(Beginning of Information supplied)
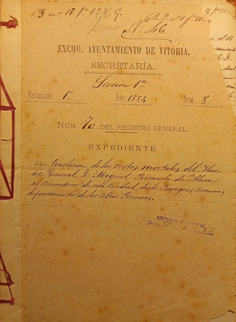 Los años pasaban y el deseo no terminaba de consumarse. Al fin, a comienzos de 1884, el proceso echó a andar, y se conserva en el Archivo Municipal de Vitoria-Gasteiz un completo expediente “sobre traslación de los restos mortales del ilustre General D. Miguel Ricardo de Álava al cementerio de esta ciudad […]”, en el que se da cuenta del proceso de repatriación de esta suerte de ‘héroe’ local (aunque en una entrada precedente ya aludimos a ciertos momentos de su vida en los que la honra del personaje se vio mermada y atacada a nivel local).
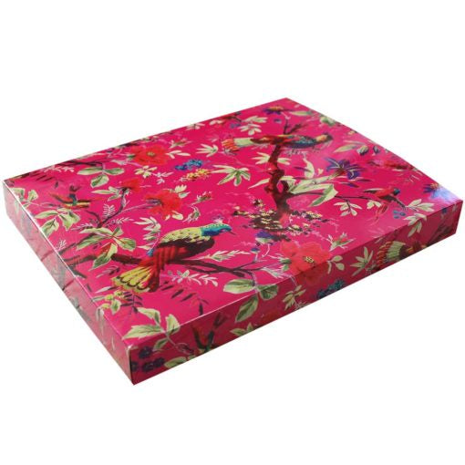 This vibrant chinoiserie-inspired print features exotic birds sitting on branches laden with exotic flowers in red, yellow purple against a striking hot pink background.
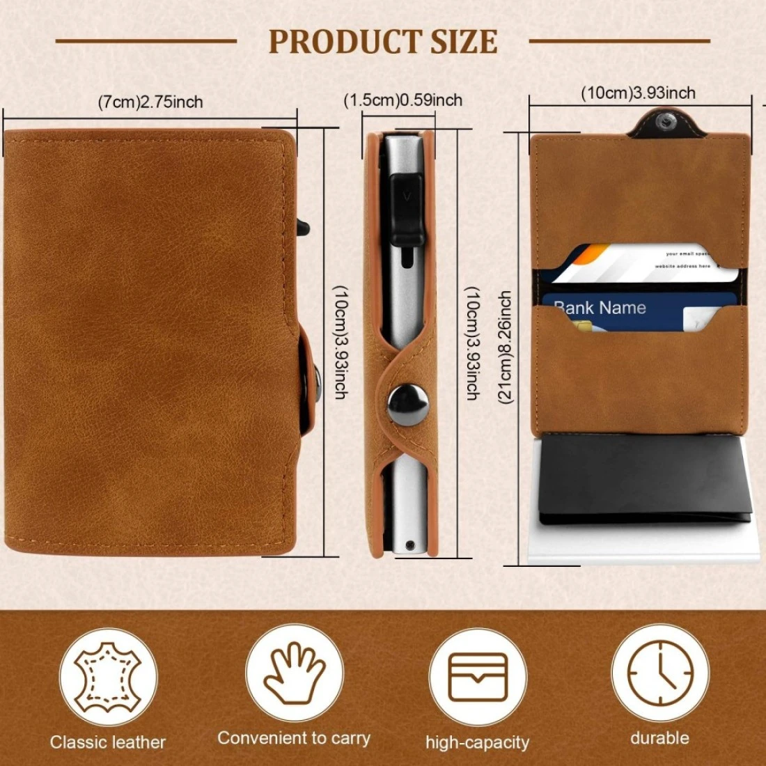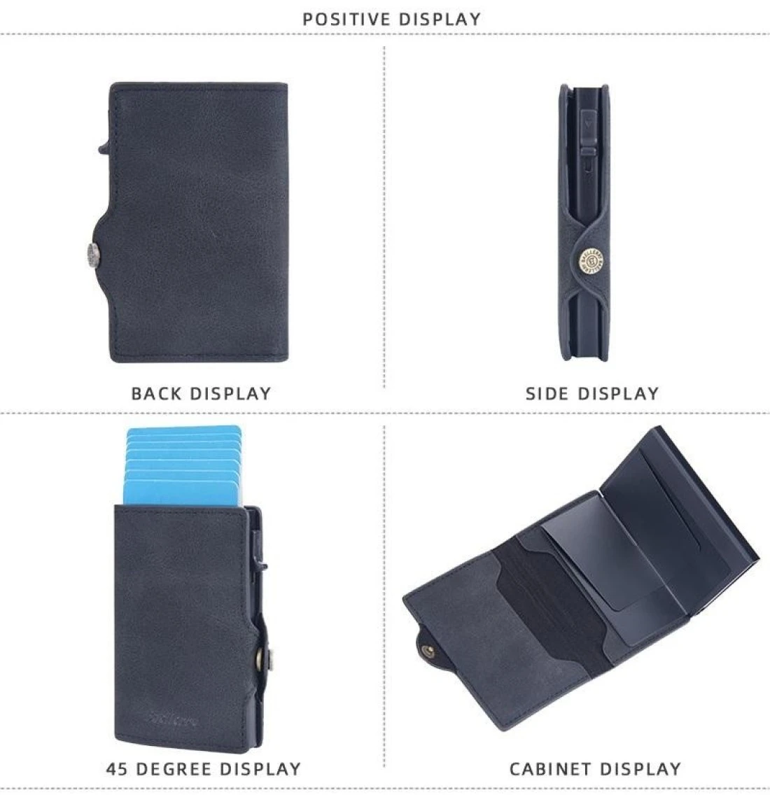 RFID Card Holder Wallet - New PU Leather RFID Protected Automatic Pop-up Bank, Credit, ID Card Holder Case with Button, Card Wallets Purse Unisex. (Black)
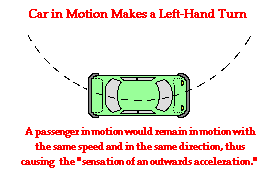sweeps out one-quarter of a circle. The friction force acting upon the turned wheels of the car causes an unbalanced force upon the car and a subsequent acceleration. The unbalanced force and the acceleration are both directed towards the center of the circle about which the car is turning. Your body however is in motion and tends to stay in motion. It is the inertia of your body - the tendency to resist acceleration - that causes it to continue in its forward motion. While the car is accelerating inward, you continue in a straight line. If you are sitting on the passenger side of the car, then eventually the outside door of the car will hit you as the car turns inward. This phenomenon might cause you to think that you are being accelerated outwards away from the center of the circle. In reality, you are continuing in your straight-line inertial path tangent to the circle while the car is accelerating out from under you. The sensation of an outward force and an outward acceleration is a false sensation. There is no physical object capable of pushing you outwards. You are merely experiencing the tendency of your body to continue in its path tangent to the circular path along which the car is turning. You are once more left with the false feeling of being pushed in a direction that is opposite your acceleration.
(End of Information supplied)
Apart from the pictures, every line of the material above is to be returned word for word.

**Task solution**
 Los años pasaban y el deseo no terminaba de consumarse. Al fin, a comienzos de 1884, el proceso echó a andar, y se conserva en el Archivo Municipal de Vitoria-Gasteiz un completo expediente “sobre traslación de los restos mortales del ilustre General D. Miguel Ricardo de Álava al cementerio de esta ciudad […]”, en el que se da cuenta del proceso de repatriación de esta suerte de ‘héroe’ local (aunque en una entrada precedente ya aludimos a ciertos momentos de su vida en los que la honra del personaje se vio mermada y atacada a nivel local).
 This vibrant chinoiserie-inspired print features exotic birds sitting on branches laden with exotic flowers in red, yellow purple against a striking hot pink background.
 RFID Card Holder Wallet - New PU Leather RFID Protected Automatic Pop-up Bank, Credit, ID Card Holder Case with Button, Card Wallets Purse Unisex. (Black)
sweeps out one-quarter of a circle. The friction force acting upon the turned wheels of the car causes an unbalanced force upon the car and a subsequent acceleration. The unbalanced force and the acceleration are both directed towards the center of the circle about which the car is turning. Your body however is in motion and tends to stay in motion. It is the inertia of your body - the tendency to resist acceleration - that causes it to continue in its forward motion. While the car is accelerating inward, you continue in a straight line. If you are sitting on the passenger side of the car, then eventually the outside door of the car will hit you as the car turns inward. This phenomenon might cause you to think that you are being accelerated outwards away from the center of the circle. In reality, you are continuing in your straight-line inertial path tangent to the circle while the car is accelerating out from under you. The sensation of an outward force and an outward acceleration is a false sensation. There is no physical object capable of pushing you outwards. You are merely experiencing the tendency of your body to continue in its path tangent to the circular path along which the car is turning. You are once more left with the false feeling of being pushed in a direction that is opposite your acceleration.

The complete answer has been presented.